Victorian Childhood. Three Children Being Arrested For Begging In London.

Was Victorian childhood always a miserable existence of constant toil, hardship and disease? Not for all. With guest contribution from Professor Anna Barton.

Victorian toys and games

Historians paint a grim picture of childhood in Victorian times, and indeed it bears little resemblance to the cherished and well-provided-for childhood that we expect for children today. Today the market for children’s toys, games and films is vast and competitive as well as hugely creative. The emphasis from all angles, even in marketing educational toys, is to promote ‘fun’. Childhood is fun. In Victorian times, there was little mention of fun.

Sudbury Hall, the Children's Country House museum
Sudbury Hall, the Children’s Country House museum. Photo: Alan Brown

That doesn’t mean that children didn’t have any time to play, even in the dark period of the Industrial Revolution. A visit to the Museum of Childhood at Sudbury Hall (now known as the Children’s Country House) shows that for many children, except for the very poor, life was not all hard work and school. Things to play with were widely manufactured. There were metal hoops to send clattering over the cobbles, skittles, wooden cups and balls (like diabolo), marbles and skipping ropes. There were girl dolls with wax heads, tin soldiers, jigsaws, toy trains, and of course, books, though they would largely be moral tales to make children into better people.

How many books do you know that are about childhood in Victorian times? David Copperfield, Oliver Twist, Nicholas NIckleby, The Old Cusiosity Shop? Black Beauty, Treasure Island, Little Women, The Water Babies. There are many, many more, still in print and widely read, televised and made into films and plays. Interestingly, few of them were actually written for children! And not many children had the leisure time to sit and read. Many children couldn’t read at all.

One of the great sources of entertainment was the puppet show, usually with hand puppets, where children could invent their own plays to perform for their family.

Or there were lifelike models of familiar characters, adorned with dozens of tiny objects, like Dorothy Trudge, a doll pedlar exhibiting her wares, to be wondered at and treasured. What does Dorothy have to sell? What might a pedlar carry around today?

Automata

Another favourite toy that the Victorians developed with great skill was the toy that could move. These automata could be figures, or sometimes whole scenes from the Bible, or battles, or railways, and sometimes on a huge scale.

Autoperipatetikos

And, here’s a wonderful word to add to your vocabulary. Autoperipatetikos were figures that moved their feet and could propel themselves forwards as if they were walking or dancing. They lasted even in to my childhood – I had a clockwork Cinderella whose little feet danced under her metal gown and took her swirling round the kitchen floor.
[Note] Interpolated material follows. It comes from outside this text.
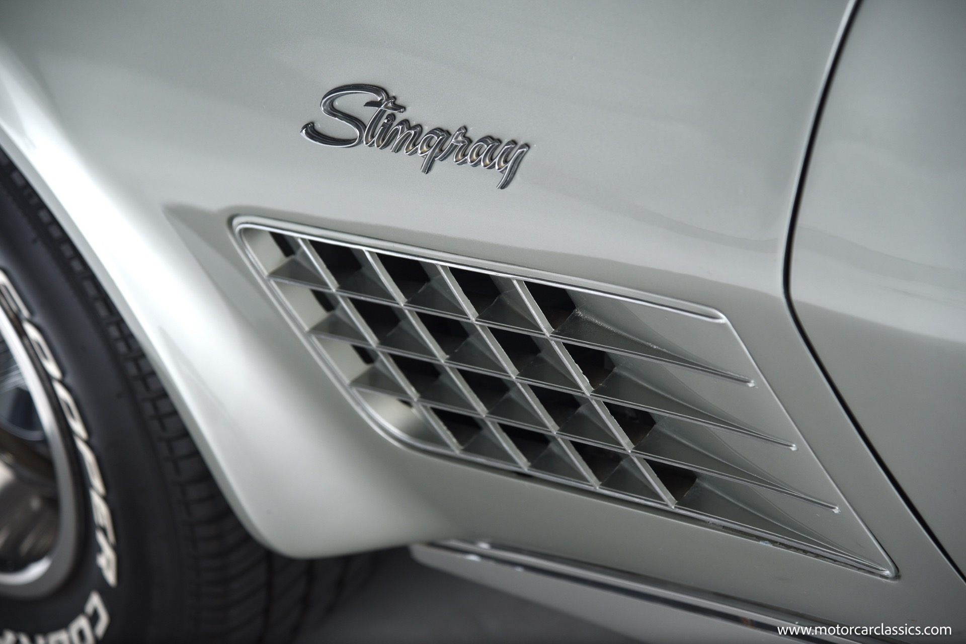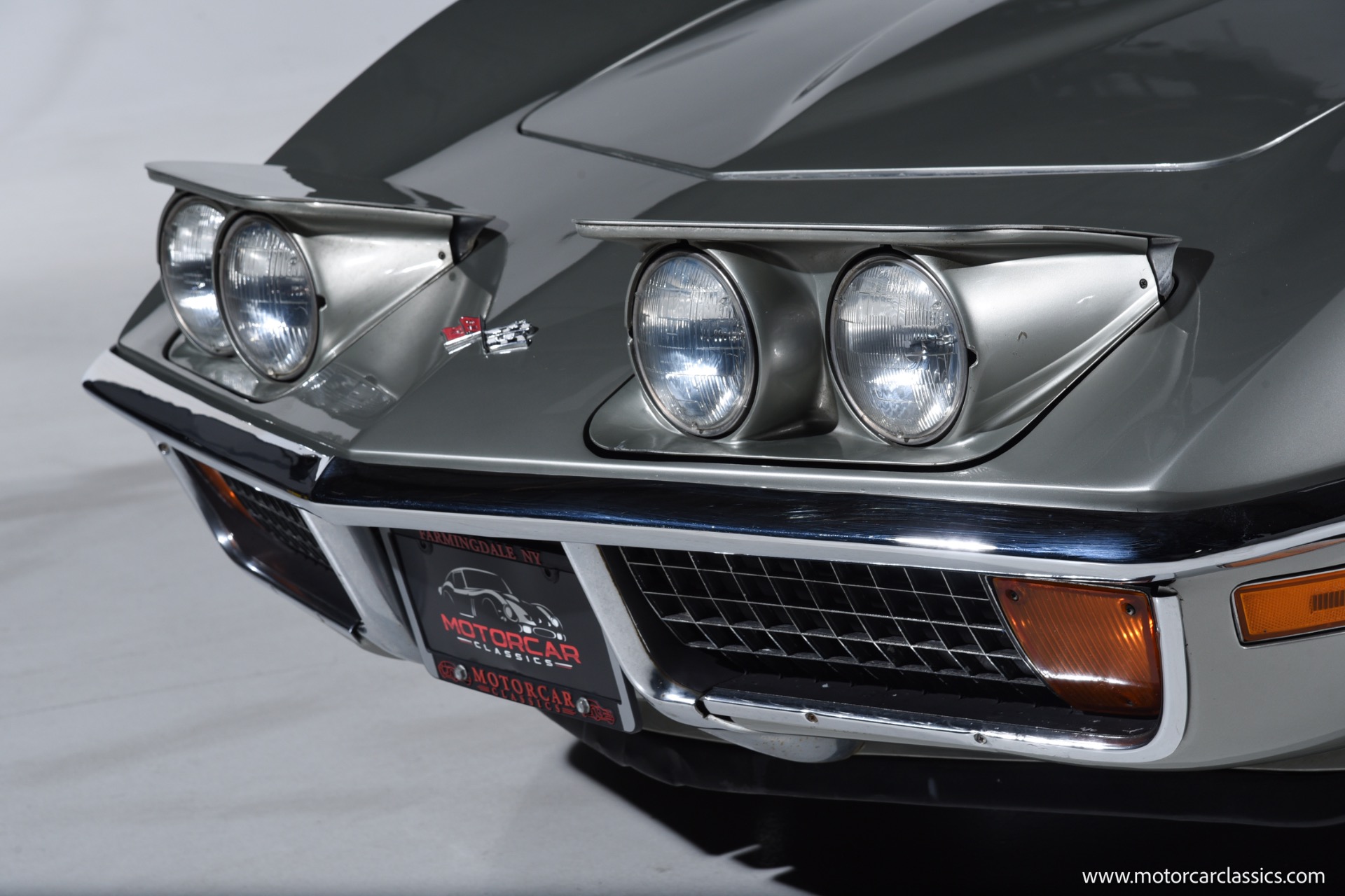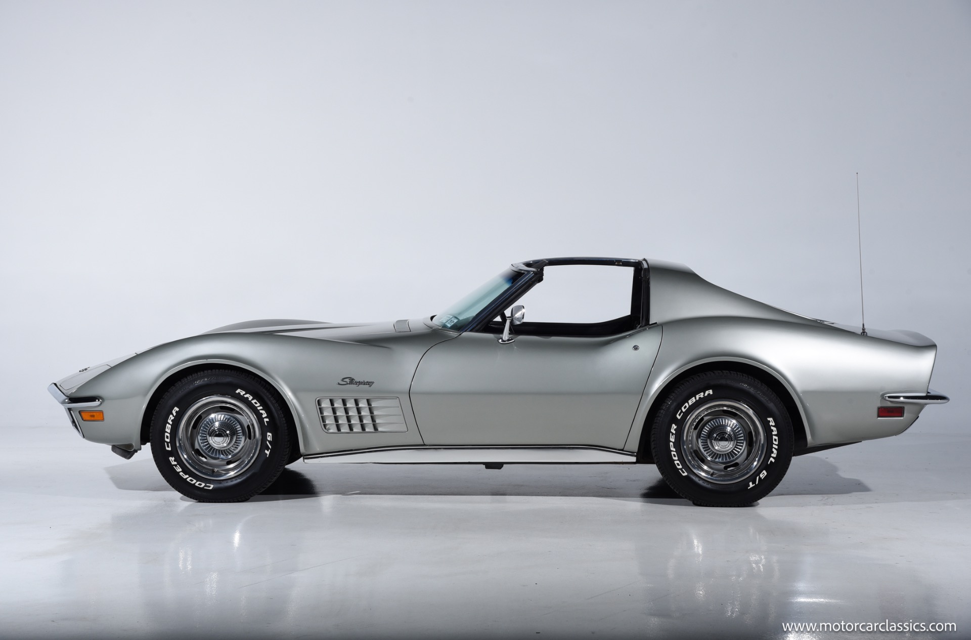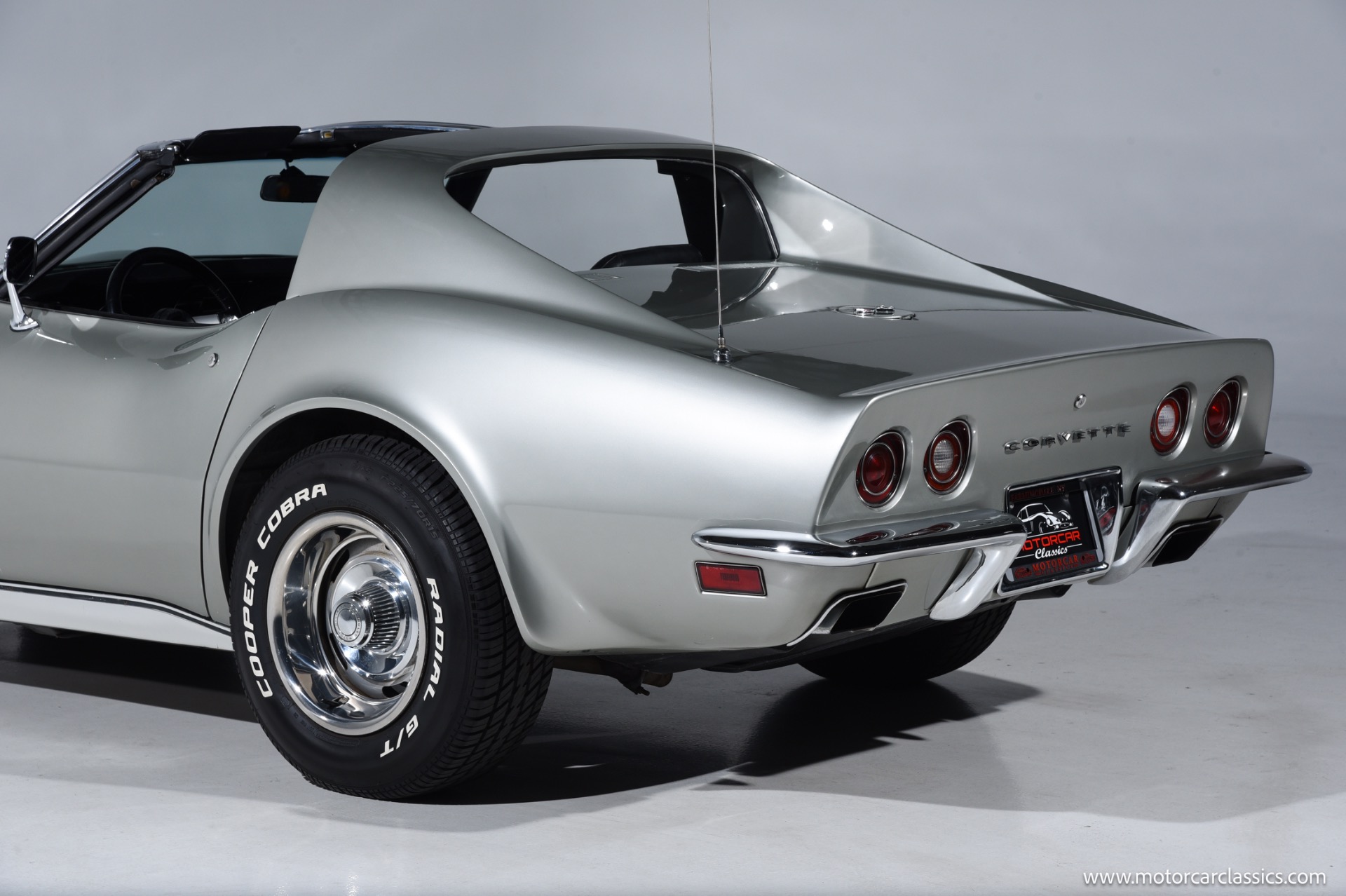 1972 Chevrolet Corvette for sale! Finished in Aztec Silver with a black leather interior, this 1972 Chevrolet Corvette stands as a striking example of the final year before the Corvette transitioned away from its classic chrome bumper styling. Under the hood resides the 350 cubic inch V8 engine paired with a 4-speed manual transmission, delivering the kind of mechanical engagement that defined early C3 Corvettes. Power steering and power brakes make for a confident drive, while factory-installed air conditioningcurrently inoperativewas a desirable comfort option of the period.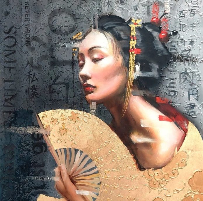 L’opera fa parte della serie “Japan in gold” , che conta altre 3 tele. Immagine di copertina : Kangae, pasta materica e olio su tela, 50x70 Scent Of Art, spazio di divulgazione artistica a cura di Maria Marchese

And if you have a robot, of course, you have the 21st century version of a toy that was loved by thousands of lucky children in the middle-class homes of the 1800s.

The children of the poor

But life for poor children was very different. If you were poor, you might have had hoops and skittles, rag dolls and balls and other toys, but little time to play with them. You had no schooling because it had to be paid for. You were often one of many siblings in a crowded house, and you had to help to find food and clothing. If you found work in a factory, you were lucky to have a job, but you worked very long hours, had little food, and the conditions were dangerous.

Factories and mills

In my novel Far From Home, Lizzie and Emily eventually work in a cotton mill. Lizzie, being small, is a scavenger, and has to crawl under moving machinery to scoop up scraps of cotton. Wherever factories sprang up, children were used as cheap labourers with no health safeguards, and if they were injured there was little medical help available or affordable.

Workhouses

Children like Jim Jarvis in my novel Street Child lived on the streets, in all weathers; homeless, penniless and starving. Imagine it, no home to live in, no regular food, rags for clothes, nothing on your feet. If you fell ill, there was no-one to care for you. Some children were taken to the workhouse, and you might think this was a lucky alternative to life on the streets. But food was poor and there was no comfort, no rest.

Disease

Disease was rife. Drinking water was contaminated with factory filth, and caused a devastating outbreak of cholera. Poor nutrition, stale, bad food and dirty, damp, dangerous conditions everywhere caused sickness. One in every three babies died.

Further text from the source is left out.